While the world has opened its eyes to the dangers of hacking, leaks and cyber-terrorism, it remains mostly blind to the threat posed by everyday office technology. Despite budgets growing, it’s clear that not enough investment is going into endpoint protection.
To solve this problem, IT managers need to lobby their company’s leadership to redirect cybersecurity spending into endpoint security. Of course, it’s not always easy to change an executive’s mind. So, here are five tricks I recommend for getting through to company leadership:
Learn Their Language
Only 23 percent of CIOs are considered trusted allies by the CEOs who employ them, according to the Gartner 2016 CIO Agenda. One reason for this may be that many technologists lean toward discussions about malware and specific threats when they should be talking operational efficiencies and revenues.
Security professionals must be able to translate technical risk into business-speak. Quantify the benefits of endpoint devices with built-in security. Explain how such investments might better protect company and customer assets while offering greater return-on-investment (ROI) than other endpoint security products.
To successfully evangelize the need for more secure devices, reframe the conversation in terms senior leaders will understand and appreciate. Yes, it’s about risk and technology, but speak their language.
Make the Issue Real
In addition to explaining the need, it’s important to illustrate and make it tangible for business leaders.
For example, telling the C-suite that printers are easy targets for hackers because they’re all network connected and store sensitive data in their hard drives is all well and good. The conversation becomes more real when accompanied by real-world illustrations, such as describing how any sensitive document sent to an unsecured printer could be hijacked in transit. Alternatively there is the ease at which a hacker could springboard from the printer to another unsecured area of an enterprise’s network to wreak havoc.
Every professional knows the value of clearly outlined issues and recommended solutions, but success also depends on highlighting the likelihood of a data breach to C-Suite execs if they take end point security too lightly.
Prioritize Your Asks
Going into any meeting with senior leadership, it’s critical to fully comprehend what’s most important to the business - and to align all recommendations tied to their objectives, as well as their vulnerabilities.
Stack-rank recommendations according to what’s truly urgent for the near-term. Determine which systems warrant the most attention right now, and where most of the risk lies within the organization. Risk doesn’t tend to be uniformly dispersed across an enterprise.
For example, one or two company departments might operate just 20 percent of all imaging devices but account for more than 70% of all print jobs. If these printers are inadequately secured, it’s clear they are a major potential risk and should top the list for fortification or replacement. Always be prepared to advise senior leadership on where you think security priorities lie – and why.
Don’t Go It Alone
Security is no longer just an IT concern; risk affects every nook and cranny of the organization. That’s why it is important to build cross-functional alliances to press the need for securely designed end user devices.
You might start by engaging someone from the legal team to help describe the potential damage that would result from a data breach. Maybe enlist someone from human resources who is concerned about employee privacy regulations. Or think about teaming with sales leads who might care about go-to-market plans being stolen and winding up in competitor hands.
Strategically coming into a C-Suite meeting as a united front will be much more powerful and effective than going it alone.
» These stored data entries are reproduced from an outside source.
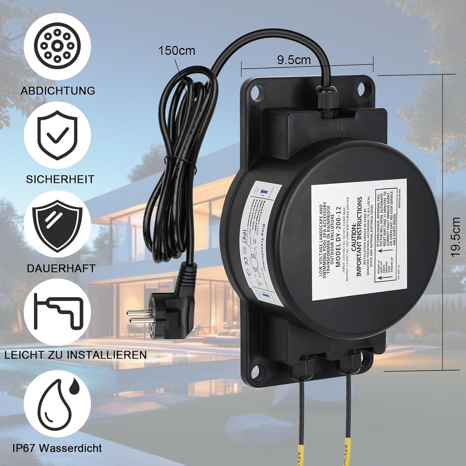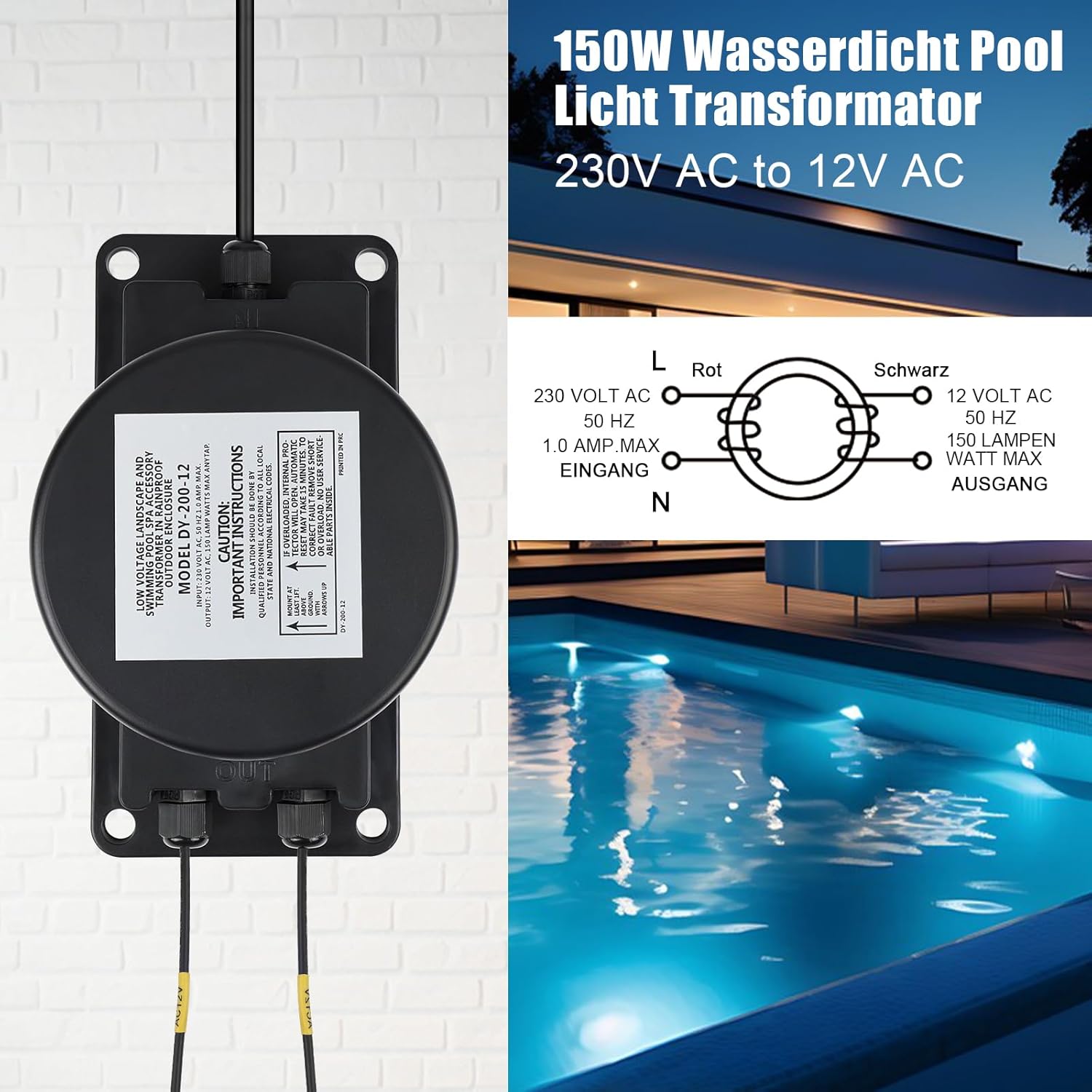 - 【Breite Anwendung】Poolbeleuchtung Transformator für den sicheren Betrieb von 12 Volt Beleuchtungslasten für Unterwasser Poolbeleuchtung, Landschaftsbeleuchtung, Gartenbeleuchtung, Springbrunnen, Spa, Tauchleuchten, dekorative Beleuchtung für
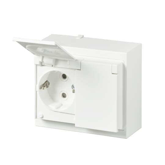 Pinta-asennettava roiskevesitiivis pistorasia. Pistorasiassa on liittimet kutakin kosketinta kohden ja niihin voi kytkeä max 4 johtoa (haaroitusmahdollisuus). Liittimet on hyväksytty ML- ja MK-johtimille.
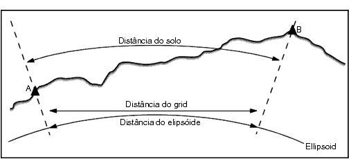 Se um elipsóide foi definido no trabalho e o campo Distâncias for configurado para Solo, a distância é calculada paralela a ele. Se nenhum elipsóide foi definido, o elipsóide WGS‑84 é usado.
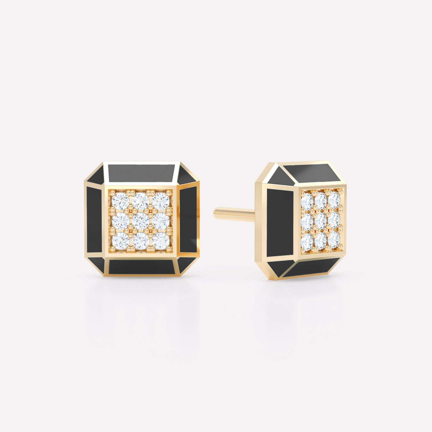 Clean geometric lines and enamel contrast. The Eternity black enamel diamond studs are handcrafted with 0.20ct of lab grown diamonds and 18Kt recycled white gold. Available as a pair or single earring, allowing you to mix and match with the Eternity huggie hoops or Ear Cuffs.

It will also help top execs see how multi-faceted the device security issue has become, elevating its significance in their minds.
Take the Long View
Every IT professional knows security is a journey, not a destination. Surprisingly, many forget that when lobbying the C-Suite for new security systems. So, always take the long view. Recognize nobody gets everything they want or feel they need in the first few engagements. So, map out where the security strategy needs to go incrementally.
Through thoughtful and prolonged engagement with senior leadership, it’s possible to inspire a corporate culture that understands security and views security pros as valuable strategic advisors.
Deploying protected end user devices, such as mobile phones, PCs and printers, should be a core part of any security strategy. By using these five methods of engaging with C-suite execs, security pros can more effectively explain and advocate the need to invest while leading the business toward a safer future.